This question is from a Group Therapy post in our TrèsSugar Community. Add your advice in the comments!
I'm 25 and my boyfriend and I have been dating for 4 years. We were debating something meaningless this past weekend when we both decided we should just drop it because it was ridiculous, and I made the joke, "I know I joke about waiting for a ring, but honestly, I wonder if we're even close to being ready for an engagement!!" He countered with, "Yeah, I know! I don't even think I could live with you!"
We've been talking for about 6 months now about getting our own place and how exciting it would be. I brought the topic up the next day and he maintained that he was being honest, he wants to live on his own. So I brought up the "Our Own Place" line he's used, and he said he meant one of us getting their own place, which would mean that we would have our own space to be alone.

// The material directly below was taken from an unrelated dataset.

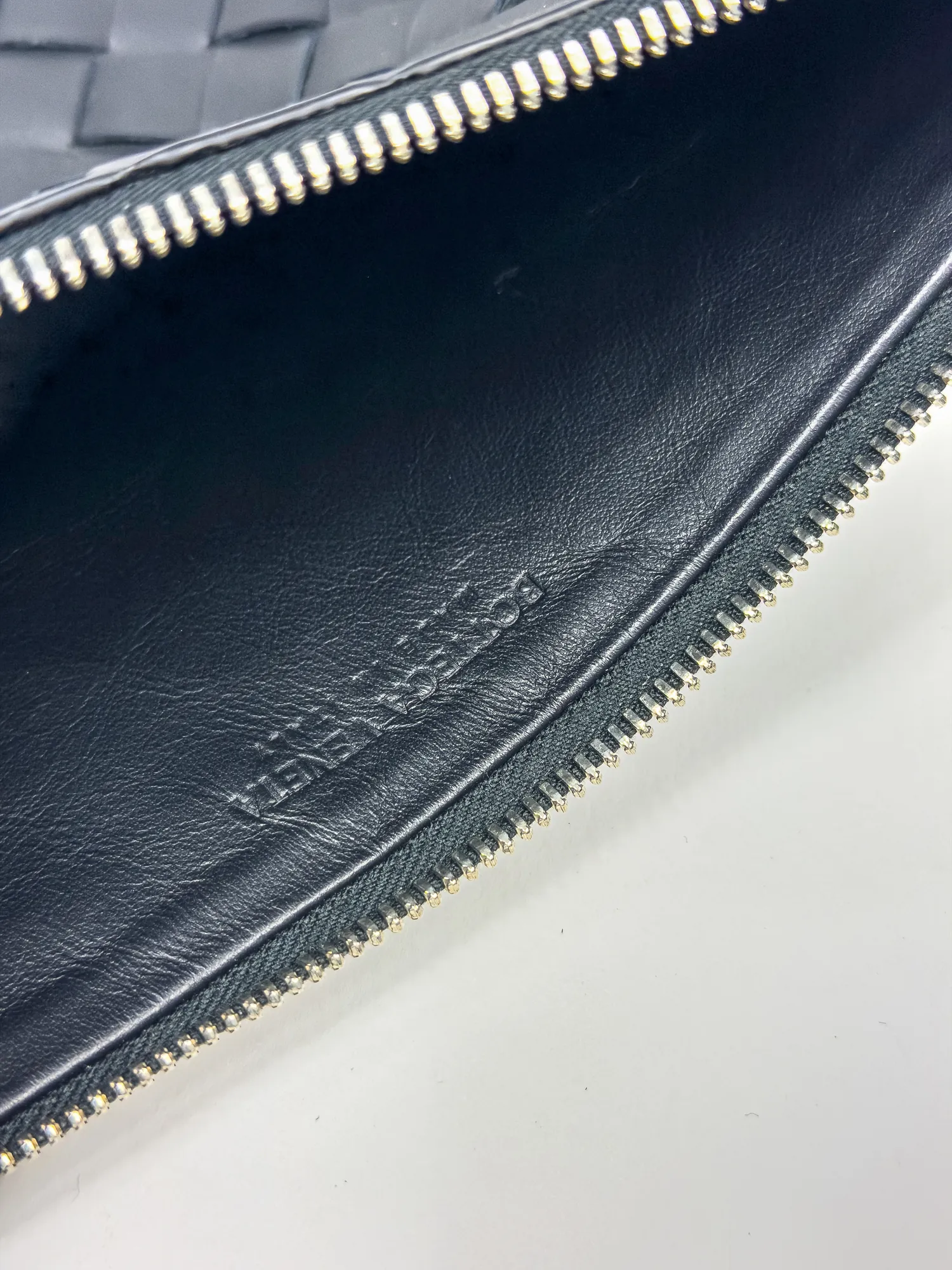 BOTTEGA VENETA 보테가베네타 블랙 러버 인트레치아토 스트랩 미디엄 파우치

We talked about that for a bit, until he brought up marriage and launched into a speech on how he thinks it's meaningless and he won't ever get married. He said he wants to be with me for the rest of his life, but he doesn't believe in marriage so why bother with a ring, a ceremony, and an expensive reception if we're planning on being together anyway. I said that marriage was important to me, that I've dreamt of getting married for a while now because it's an important symbol in religion as well as as a couple.
Read the rest on Group Therapy.
Have a dilemma of your own? Post it anonymously to Group Therapy for advice, and check out what else is happening in the TrèsSugar Community.
You've been together for 4 years, if he was going to change he would have already. Yes, when he is 35 he may suddenly realize he wants children but are you willing to wait 10 years with absolutely no guarantees?
He has told you right there, to your face, in no uncertain words that he does not want to marry you, he does not want children, he does not want to live with you. Why are you considering waiting at all? He has made his intentions clear. He wasn't trying to be a jerk about it, either! We was just letting you know that he has made his decision and you cannot change it. This is up to you now and your decision should be to get the f*ck out of this waste of time relationship and find someone with the same morals, views and values as you. He is not the one for you.
I know it's hard to accept that the current love of your life is not the man you will grow old with and marry but he has already told you how far he's willing to go with you. Do not sacrifice your happiness hoping he will change because he won't and if you waste any more time waiting for him to suddenly turn into your perfect husband and father then you will only begin to resent him and regret wasting your time.
He was honest with you, time to be honest with yourself. Break up with him and move on.
Good luck
------------------------------------------------------------------------------------
1Check out my new site at www.sillybitchtherapy.com for more advice and information about sex, love and everything in between.
SBT is exactly right, he was letting you know what his deal-breakers are. He's probably great at compromise in other areas or you wouldn't have lasted the few years that you have. I'd say that if you're willing to forgo an official marriage & kids because he is more important, then definitely stick with him. If those goals are more important than what you have now, you need to move on & find someone else with those same goals.
2I can't believe you only had this conversation now-I mean 4 years!!! Only you can decide how important marriage and family is to you. To me, I would feel like my boyfriend is somehow reserving the option to leave me if he wouldn't marry me ever, but like I said, only you can decide how you feel.
3This isn't about him changing. It's about you deciding. How long do you want this man in your life as your boyfriend? That is what he wants to be. It's disrespectful to assume he doesn't mean what he says.
4He doesn't want to marry you and he doesn't want children with you, he said so to your face. At least he's honest about it (although next time around, find out pretty soon what a man's pov via marriage and children, mm'kay?)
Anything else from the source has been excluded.